With only a handful of stories away from publishing the 100th on their platform, the team behind 'Spread stories, not the virus' reflects on contributions we've received the past weeks - and how sharing lived experiences and alternative perspectives inspires global solidarity.
As Covid-19 continues to spread, our physical lifeworlds increasingly shrink. From New York City to Lagos, we’ve witnessed how major cities go into lockdown, resulting in one-third of the world’s population finding themselves in quarantine.
Social distancing has become the norm for more than 2 billion citizens around the globe. It’s a new reality that should never be considered normal. However, it is an experience that encourages us to either look outward through circulating events and political acts, or reflect inward through introspection and the arts of everyday practices. Since the publication of our piece “Why we spread stories in times of Coronavirus” last week, Spread stories, not the virus has received more diverse perspectives and voices from a variety of regions and contexts. We’re only a handful of stories away from publishing the 100th on our platform.
We’ve shared stories from Prishtina to Brussels where citizens mobilise themselves against injustice; from Wollongong to Rotterdam where communities turn themselves into families; from Venice to Tbilisi where individuals let their reflective thoughts wander. With our mobilities limited and our bodies contained, a new proximity emerges: it is a sense of proximity among us when the physical adjacence disappears. As citizens from cities around the world show, this human proximity encourages us to empathise with struggles we tend to overlook (Antwerp/Iran), acknowledge our privileges (Italy), care for vulnerable groups in society (the Netherlands), make some fun in times of despair (Kolkata), and think about our differences and similarities (Seoul). Such a sense of proximity encourages individuals and initiatives alike to make change possible as we are given the premise to feel others. Click on the links to read last week's highlighted articles.

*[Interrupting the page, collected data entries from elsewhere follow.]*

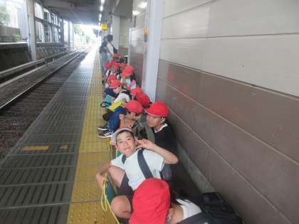 目の不自由な人のために点字ブロックをよけて電車を待っています。車内では、あまり大きな声を出さないでマナーを守って楽しんでいる様子がありました。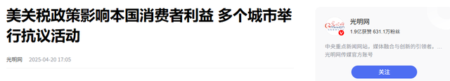 光明网2025-04-20——美关税政策影响本国消费者利益 多个城市举行抗议活动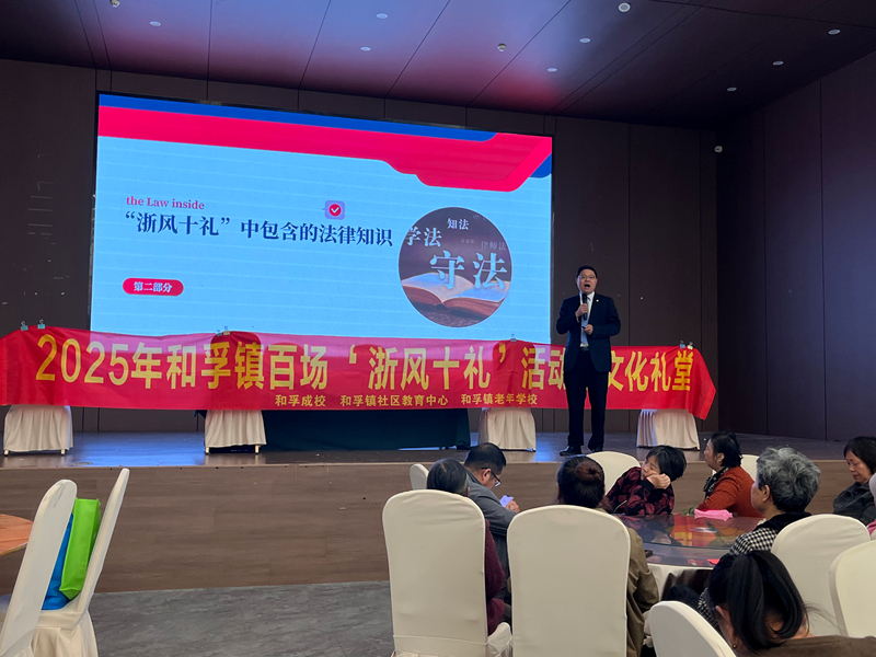 此次讲座是和孚成校深化社区教育、服务乡村振兴的切实举措,也是“浙风十礼”在基层落地生根的生动实践。活动不仅提升了村民的法治素养和文明意识,更营造了“人人践行‘浙风十礼’、事事遵循法治规范”的浓厚氛围,为构建和美乡村、筑牢基层善治根基提供了有力的文化支撑和法治保障。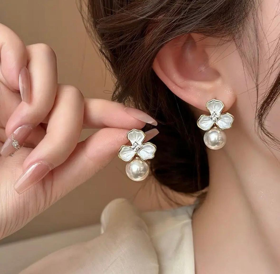 White floral pearl earrings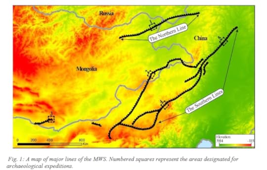 I make them Jurchen walls, and directed against Mongols — original Mongols, in the first place, and Great Mongols as Tchingis Khan sought to unify nomad peoples.

Picture collage of pictures of stories published on our website.
Nevertheless, this much-needed proximity has been absent in political leadership dealing with Covid-19 so far. Parliaments around the world have gotten bogged down in short-sighted thinking and nativist instincts - there’s far from a consensus on which guidelines to follow, measures to implement or best practices to adopt. Against the backdrop of the reinstatement of national borders across Europe, its leaders have clashed over how to pull Italy’s and Spain’s economies through this crisis. In the US, the Governor of New York Andrew Cuomo pushed back hard against the idea raised by President Donald Trump of easing restrictions from mitigation efforts in an effort to revive the national economy.

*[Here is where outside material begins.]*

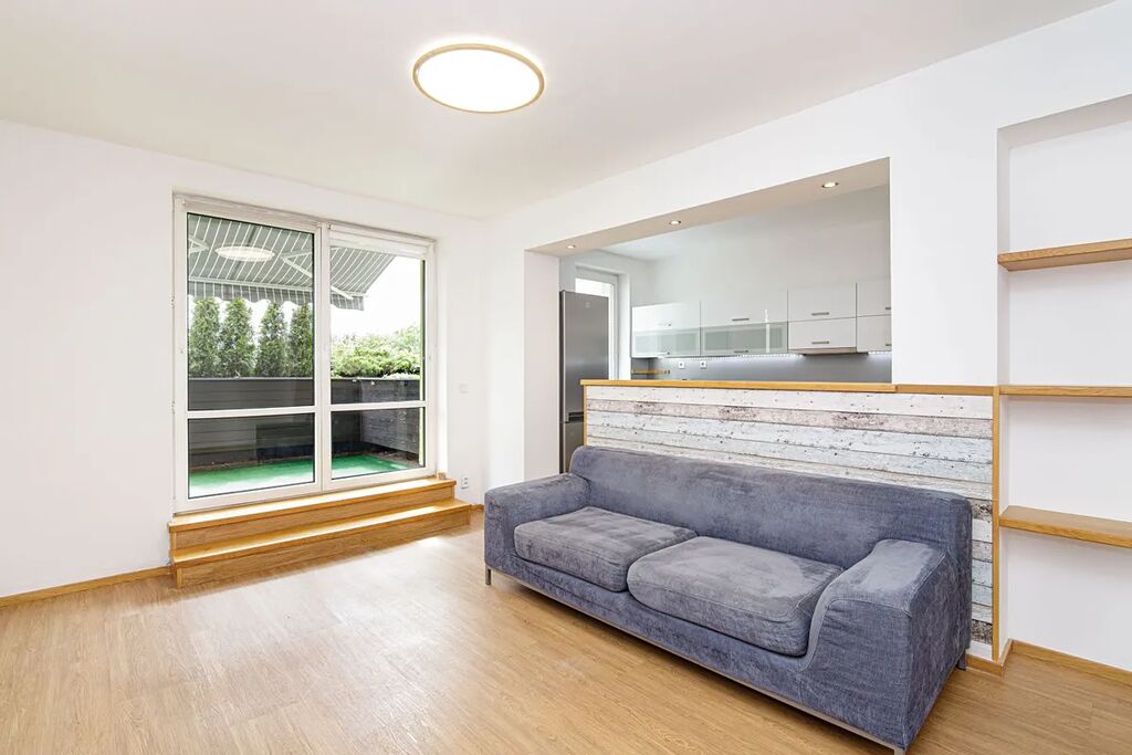 K bytu náleží vnitřní garáž s dálkově ovládanými vraty a prostorná terasa s markýzou.

Yet, in some of the places where this consensus is found, the protection of human rights is at stake. In Brazil, President Jair Bolsonaro contradicted his own health ministry by urging people to return to work and schools, risking the reinforcement of precariousness and urban segregation in many ways, a concern which was shared with us in a story from Rio de Janeiro. The measures adopted to stop the spread of the virus in Shanghai, China has advanced the implementation of surveillance technology, as raised in another story we received.
Across the globe, we see local, citizen-driven actions promoting human dignity sprout. Italians are taking to their balconies to sing patriotic and uplifting songs, people across Spain open their windows to applaud and call out "Viva los medicos" – long live doctors. However, societies can also learn from practices originating from the Global South on how to cope with Covid-19 based on past challenges. The SuSana Distancia cartoon character from Mexico is an example of such a local initiative. Originally developed for the 2009 swine flu, the campaign is still successful in encouraging solidarity and promotion of social distancing more than 10 years later.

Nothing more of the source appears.